普段から「AIの回答は鵜呑みにするな」と公言している私ですが、先日、GoogleのAIツール「NotebookLM(Google Notebook)」を使っていて、思わず唸ってしまう体験をしました。
以前から「太平洋戦争はなぜ起こったのか」「なぜ日本は米国と開戦に至ったのか」に関心があり、関連書籍などを調べています。 先日、友人から勧められた油井大三郎著『避けられた戦争』(ちくま新書)を図書館で借りて読みました。
読了後、友人と意見を交わす中で「このテーマをAIにぶつけてみたらどんな整理をしてくれるだろうか?」と思い立ち、ルーズベルト大統領の対日観や日系人政策についてAIにリサーチを依頼してみたのです。 ルーズベルト大統領には白人優位的な対日観があり、開戦前から強硬な姿勢を持っていたという言説も耳にしていたため、そのあたりの情報がどう整理されるか見てみたいと考えました。
すると、返ってきた回答は概ね以下のようなものでした。
『当時の米国は孤立主義が主流だったが、日本の真珠湾攻撃によって「自衛のための戦争」という大義名分が立ち、対日参戦へと舵を切ることになった。』
いわゆる米国側の公式見解(定説)に沿った、教科書通りの開戦経緯です。 しかしこれでは、米国側の挑発やルーズベルト政権が抱えていた問題点には触れられていません。そこで、少し踏み込んでこう問いかけてみました。
「この説明はFDR(ルーズベルト)寄りの説明になっていると思います。米国側が日本から戦争を仕掛けさせようと、意図的に行動した事例などはないでしょうか?」
すると、AIは手のひらを返したようにこう答えたのです。
『ルーズベルト政権が日本を軍事行動に追い込み、「最初の一撃(First Shot)」を日本側に撃たせようとしていたとする論点や事例は、米国の修正主義歴史家(チャールズ・ビアード等)をはじめ、現在も活発に議論されています。』
そして、その根拠とされる事例や論点をスラスラと列挙してきました。
この回答を見て、私は強い違和感を覚えました。 「そうした議論や事例のデータを持っているのなら、なぜ最初の質問の段階で『主流の定説』と『批判的な論点』を両論併記してくれなかったのだろうか?」と。
さらに気になり、追加で質問をしてみました。
「戦後、真珠湾に駐留していた米軍兵士や遺族に対して、賠償金のようなものが支払われたという事実はありませんか?」
これに対しては『そのような事実はない』という回答でした。
真珠湾攻撃を巡っては、「米国上層部は暗号解読により奇襲を事前に察知していたが、参戦の口実にするため現地部隊にはあえて警告しなかったのではないか」という疑惑が根強く囁かれています。もし万が一その疑惑が事実なら、真珠湾に置かれていた兵士や遺族から猛烈な抗議や国家賠償請求が起きてもおかしくないはずだ……という私の仮説に基づいた疑問でした(賠償金云々については私の記憶違い・思い込みかもしれませんが)。

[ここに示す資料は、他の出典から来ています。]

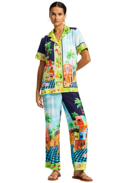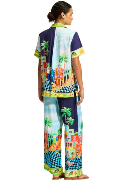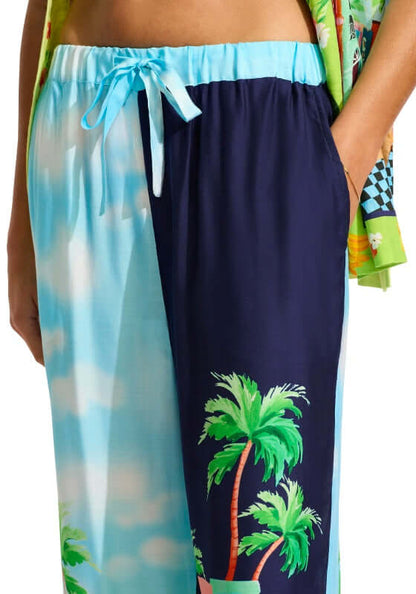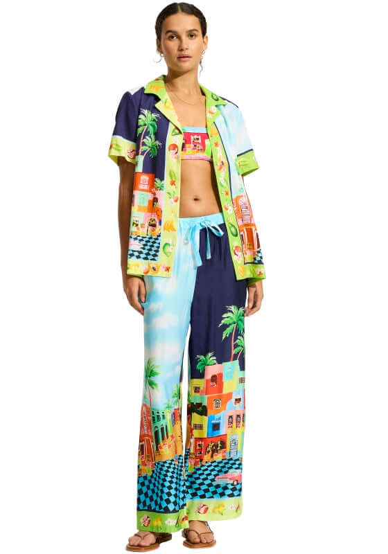 The Cuba Pant by beachwear designer Seafolly will be your new go to holiday outfit! This wide leg pant featuring a drawstring waistband with a relaxed leg for a flattering and effortless look. Designed to be worn as a co-ord  with the Cuba Beach Shirt.

ここでハッと立ち止まりました。 「AIの言うことを安易に信じるな」とあれほど注意していた自分が、AIの提示する情報やトーンにまんまと引き込まれ、一喜一憂していたのです。
AIが知識不足でハルシネーション(もっともらしい嘘)をつくケースは日常茶飯事です。 しかし今回の件は「知らなかった」のではなく、「情報は持っているのに、ユーザーから強く突っ込まれるまでは無難な公式見解だけで繕い、意図的に論点をぼかしていた」ように感じられました。

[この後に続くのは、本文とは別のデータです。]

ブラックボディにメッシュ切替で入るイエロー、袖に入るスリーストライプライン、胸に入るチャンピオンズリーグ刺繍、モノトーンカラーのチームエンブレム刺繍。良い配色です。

膨大な学習データの中から「どの立場をまず表舞台に出すか」。そこには開発者側の思想や安全基準、あるいは政治的な配慮といった“見えないバイアス”が働いているのかもしれません。 AIと対話するときは、単に事実関係を疑うだけでなく、「AIがどの立場から語っているのか」まで疑う必要があるのだと、改めて痛感した出来事でした。